- EXTRACTED RECORDS
- Opening Delimiter -
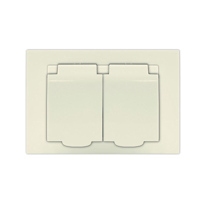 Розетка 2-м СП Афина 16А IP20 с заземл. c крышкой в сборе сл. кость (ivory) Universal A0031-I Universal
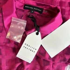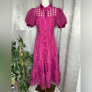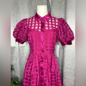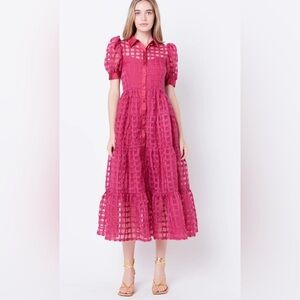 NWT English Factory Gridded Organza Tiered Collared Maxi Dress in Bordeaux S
- Closing Delimiter -
- Opening Delimiter -
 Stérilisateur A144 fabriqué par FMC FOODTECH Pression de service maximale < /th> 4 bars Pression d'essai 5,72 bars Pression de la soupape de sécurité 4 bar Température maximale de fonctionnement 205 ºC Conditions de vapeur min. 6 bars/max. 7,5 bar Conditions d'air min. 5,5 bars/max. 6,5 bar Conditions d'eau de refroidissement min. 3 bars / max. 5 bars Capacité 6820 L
- Closing Delimiter -
- AIM OF THE TASK
Above are some records. Reproduce the lines from the one with "Розетка 2-м СП" down to the one with "NWT English Factory", keeping both, and leave every picture out.

- FINAL ANSWER
 Розетка 2-м СП Афина 16А IP20 с заземл. c крышкой в сборе сл. кость (ivory) Universal A0031-I Universal
 NWT English Factory Gridded Organza Tiered Collared Maxi Dress in Bordeaux S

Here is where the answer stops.